Die fünf Problemzonen trainieren

Für alle möglichen Problemzonen, die angegangen werden sollen, gibt es auf den folgenden Seiten Tipps, wie man in der jeweiligen Kategorie in verschiedenen Schwierigkeitsstufen zu „Weltretterpunkten“ kommt, sprich wie man nun sechs Wochen lang Energie und Wasser einsparen, Ressourcen schonen, den CO2-Ausstoß verringern und generell umweltbewusster handeln kann.
Die Tipps sind teils altbekannt (kein Stand-by, Zugluft stoppen, Sparduschköpfe verwenden, Fahrrad statt Auto, LEDs nutzen und bei Elektrogroßgeräten auf eine hohe Energieeffizienzklasse zu achten), teils einfallsreicher und noch nicht so oft gehört wie z.B. einen Kompost nutzen, damit weniger Biomüll abtransportiert werden muss, einen Öko-Tarif über den NABU fürs Handy abschließen, den Saft selbst pressen, um Verpackungsmüll zu vermeiden und Orangen zu verwenden, die nicht wie die 90 % des herkömmlich konsumierten Orangensafts aus Brasilien kommen, denn so werden Transportwege deutlich verkürzt.
Die Autoren raten u.a. auch dazu, einen Thermobecher für den „Kaffee to go“ immer parat zu haben,Küchenkräuter lieber selbst zu ziehen als abgepackte, gekühlte zu kaufen.
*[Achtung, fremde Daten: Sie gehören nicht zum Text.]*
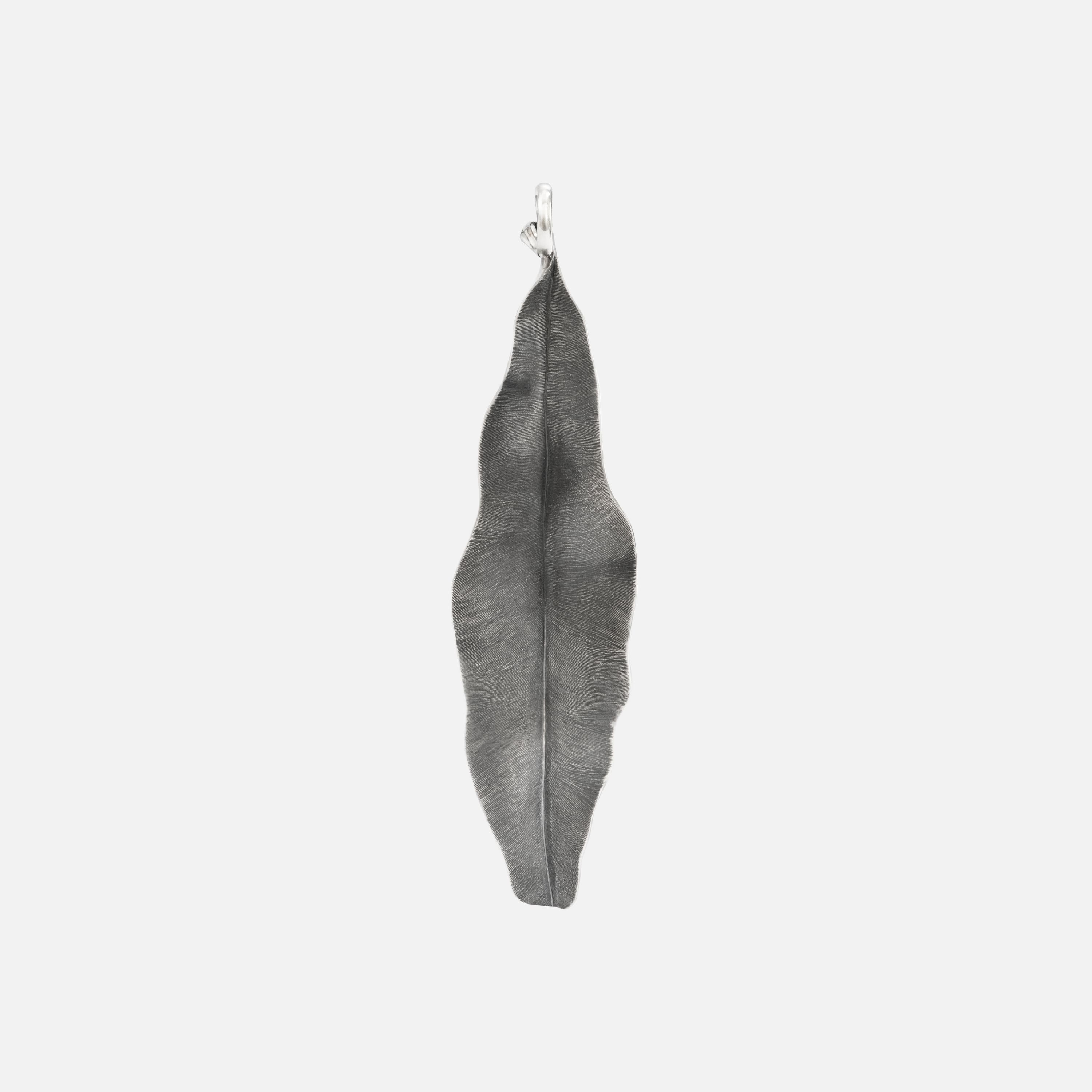 Designed by Charlotte Lynggaard, the Leaves 7 cm pendant is crafted from oxidized Sterling silver. Using several different techniques and tools, master goldsmiths sculpt and finish the surface of the delicate leaf by hand. Part of the Leaves Collection.

Interessant ist die Rechnung der Verfasser, dass man jährlich durchschnittlich 30 Kilo Werbeprospekte im Jahr bekommt, dies etwa 6 Kilo CO2-Ausstoß entspricht und man daher ein „Bitte keine Werbung“ gegen die ohnehin meist unerwünschte Papierflut ankleben solle.
Akkus statt Batterien benutzen (35 000 Tonnen Batterien werden laut den Verfassern pro Jahr allein in Deutschland gekauft), Druckerpatronen über eine Sammelbox entsorgen und anstatt Textmarker grelle Buntstifte nehmen. Zahnbürsten, meinen die Ideengeber, müssen nicht aus Plastik sein, sondern seien aus Bambus besser was die Ökobilanz angeht.
Des Weiteren solle man den saisonalen Gemüsekalender für Obst und Gemüse beachten, und biologisch angebautes dem konventionellen vorziehen, öfters vegetarisch essen, mehr regionale Kartoffeln als asiatischen Reis zu sich nehmen, Wasser zum Kochen im Wasserkocher vorkochen und ein „Aufschneider“ sein, d.h. alle Tuben aufschneiden, um an den Rest ihres Inhalts zu kommen. Außerdem könnten die auf Lebensmitteln angegebenen Mindestaltbarkeitsdaten kritisch mit den eigenen Sinnen hinterfragt werden.
Ein Workout-Plan, der dem Buch beiliegt, kann nun individuell anhand der zahlreichen Vorschläge ausgefüllt und verschiedene Etappenziele in sechs Wochen herausgearbeitet werden. (Den Plan bekommt man auch hier: www.rap-verlag.de/workoutplan)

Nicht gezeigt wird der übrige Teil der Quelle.